Here, atMost(k) counts the number of substrings with at most k distinct characters. The "at most" condition is perfectly suited for the sliding window technique because:

  • When we add a character that pushes distinct count above k, we shrink the window from the left until distinct count is ≤ k again.
  • The window boundaries move monotonically — the left pointer never moves backward.

For any valid window [left, right] where the number of distinct characters is ≤ k, every substring ending at right and starting at any index from left to right is also valid.
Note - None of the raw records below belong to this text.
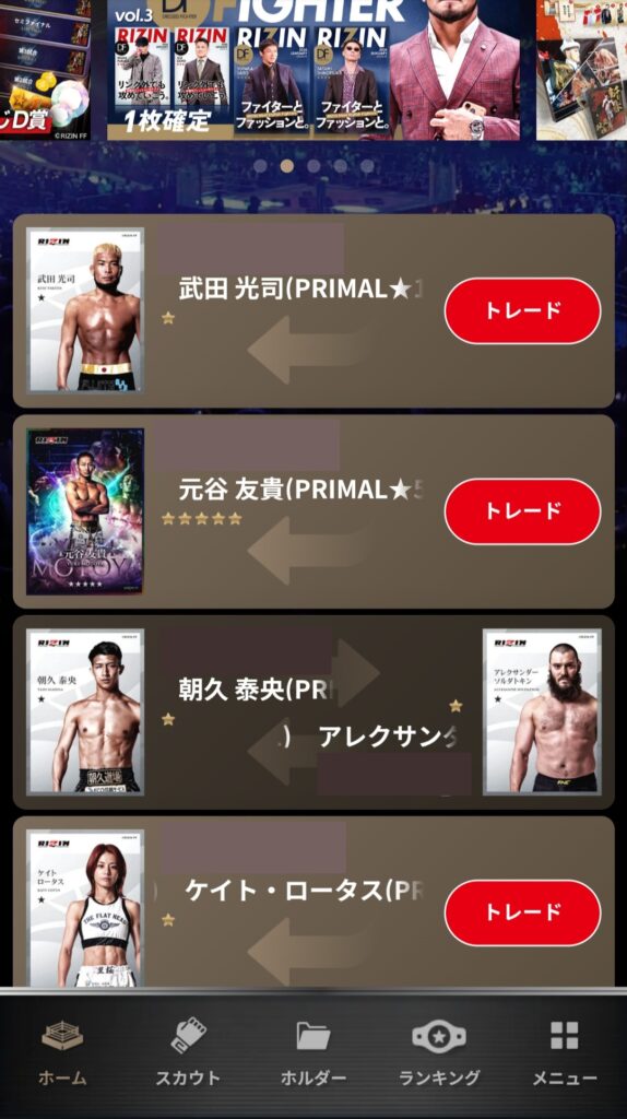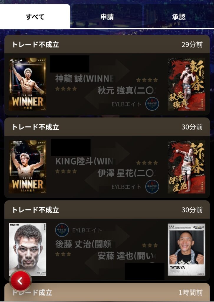 画面越しに操作していると忘れがちですが、自分がトレードしている相手はAIでも機械でもなく、画面越しにいるRIZINや格闘技が大好きな同じ仲間です
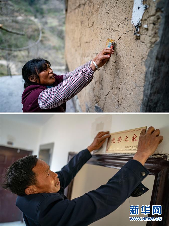 這是一張拼版照片:上圖為云南省永善縣大興鎮駱丘村村民王大香拆下老屋的門牌留作紀念(3月14日攝);下圖是作為現役軍人家屬的晏付高把“光榮之家”的牌匾掛在新家的門上(3月15日攝)。 新華社記者 江文耀 攝
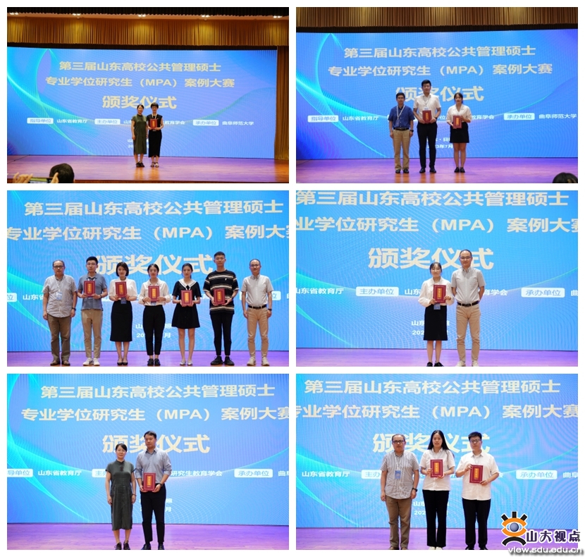 [本站讯]7月15日,由山东省教育厅指导,山东学位与研究生教育学会主办,曲阜师范大学承办的第三届山东高校公共管理硕士专业学位研究生(MPA)案例大赛在山东日照举行。山东大学代表队获得特等奖1项、一等奖2项、三等奖5项。
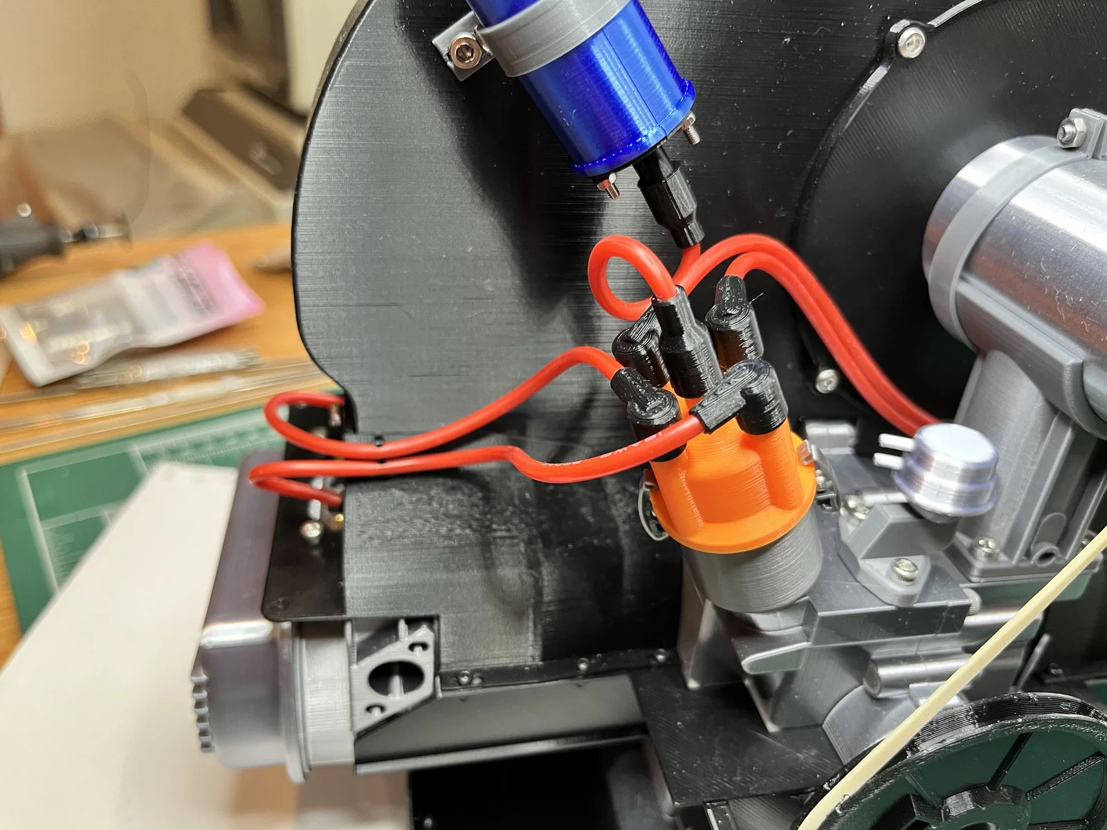 Việc lắp ráp các chi tiết này đòi hỏi sự khéo léo và kiên nhẫn để đảm bảo các đầu dây dẫn được kết nối đúng vị trí. Khi hoàn thiện, bộ phận này không chỉ đóng vai trò thẩm mỹ mà còn giúp người xem hình dung rõ hơn về cơ chế hoạt động bên trong của một hệ thống động cơ đốt trong truyền thống. Sự kết hợp giữa bộ chia điện màu cam nổi bật và các chi tiết dây đỏ tạo điểm nhấn thị giác cực kỳ ấn tượng trên nền tổng thể của mô hình.

That gives us right − left + 1 new valid substrings each time we extend the right pointer.

By computing atMost(k) and atMost(k − 1) separately and subtracting, we isolate exactly the substrings that have precisely k distinct characters — no more, no fewer.

Step-by-Step Explanation

Let's trace through with s = "aba", k = 2.
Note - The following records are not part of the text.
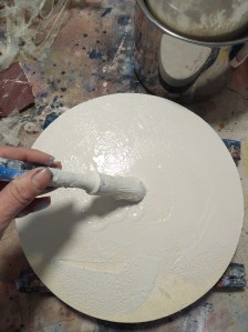 Préparer le blanc de Meudon: Chauffer la colle de peau de lapin à 40° puis y rajouter le Blanc de Meudon jusqu’à saturation. Le premier jour, appliquer une couche de Blanc « pochée » avec un pinceau rond, recto verso.
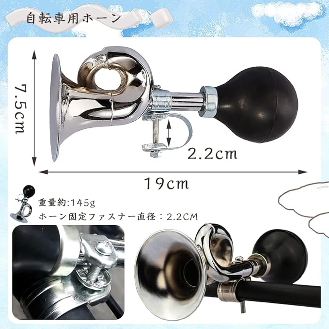 セット内容:自転車用ホーン1個セット 重量約:145g サイズ:全長19cm、ベルの直径7.5cm、ベルクリップの内径2.2cm(直径22mmまでのハンドルバーに対応)
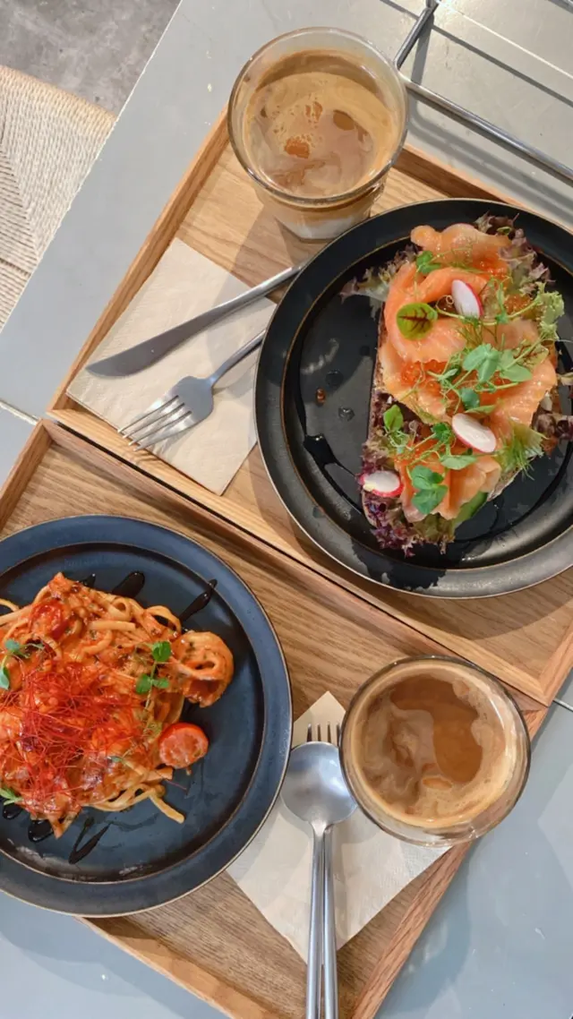 估唔到呢間cafe除左用黎靚靚打卡仲有高質素食物,有驚喜到🤩揀左星期一平日去,人不多等左一陣就有位,自助點餐拎餐有自助斟水位供應,加分~因為本人食野成日要飲水Prawn Paste with tomato sauce一入餐廳已經聞到香味,朋友話想試於是叫左果然好好味,個sauce好出色,酸酸地令人好開胃蝦都好爽口,唔會鞋~另一個係Toast with salmon,時間覺得太耐,唔記得咗,只記得都係好好味。包是煙韌的。咖啡點了Dirty, 奶份量很好,沒有遮蓋了咖啡的香味。…查看更多
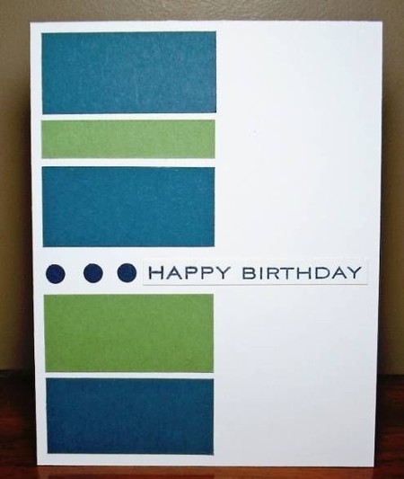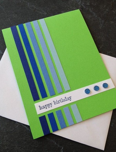 Простая открытка своими руками с цветными прямоугольниками и маленькими кругами.

We need: exactly(2) = atMost(2) − atMost(1).

Computing atMost(2):

Initialize: left = 0, distinctCount = 0, count = 0, freq = [0]*26.

Step 1: right = 0, char = 'a'. freq['a'] = 1. distinctCount = 1 (≤ 2, OK).
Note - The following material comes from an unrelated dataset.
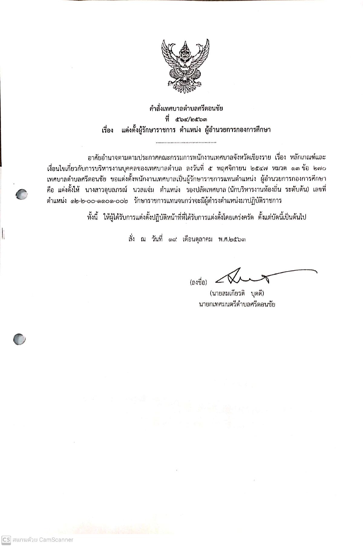 แต่งตั้งผู้รักษาราชการ ตำแหน่ง ผู้อำนวยการกองการศึกษา
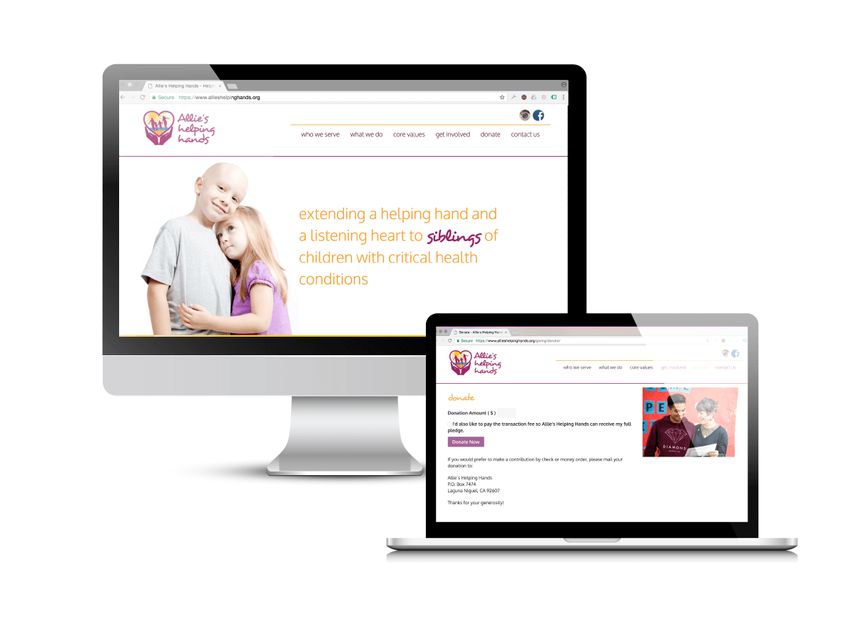 Allie’s Helping Hands is a nonprofit that provides activities, homework help, and fun for siblings of children who are hospitalized with critical illnesses—children who spend much of their lives in the hospital visiting their sick brother or sister. Kristen Lock Spalding, the founder of Allie’s Helping Hands, approached Creare Web Solutions in 2014 to create a website to share the organization’s mission, tell its story, and spread the word about its programs. One important goal of the website was to raise additional funding for the nonprofit.

  • Valid substrings ending at 0: right − left + 1 = 0 − 0 + 1 = 1 → "a".
  • count = 1.

Step 2: right = 1, char = 'b'. freq['b'] = 1. distinctCount = 2 (≤ 2, OK).

  • Valid substrings ending at 1: 1 − 0 + 1 = 2 → "b", "ab".
  • count = 1 + 2 = 3.

Step 3: right = 2, char = 'a'. freq['a'] = 2. distinctCount stays 2 (≤ 2, OK).

  • Valid substrings ending at 2: 2 − 0 + 1 = 3 → "a", "ba", "aba".
  • count = 3 + 3 = 6.

atMost(2) = 6.

Computing atMost(1):

Reset: left = 0, distinctCount = 0, count = 0, freq = [0]*26.

Step 4: right = 0, char = 'a'. freq['a'] = 1. distinctCount = 1 (≤ 1, OK).

  • Valid substrings: 0 − 0 + 1 = 1 → "a".
  • count = 1.

Step 5: right = 1, char = 'b'. freq['b'] = 1. distinctCount = 2 (> 1, SHRINK!).

  • Shrink: remove s[left=0] = 'a'. freq['a'] = 0. distinctCount = 1. left = 1.
  • Now distinctCount ≤ 1. Valid substrings: 1 − 1 + 1 = 1 → "b".
  • count = 1 + 1 = 2.

Step 6: right = 2, char = 'a'. freq['a'] = 1. distinctCount = 2 (> 1, SHRINK!).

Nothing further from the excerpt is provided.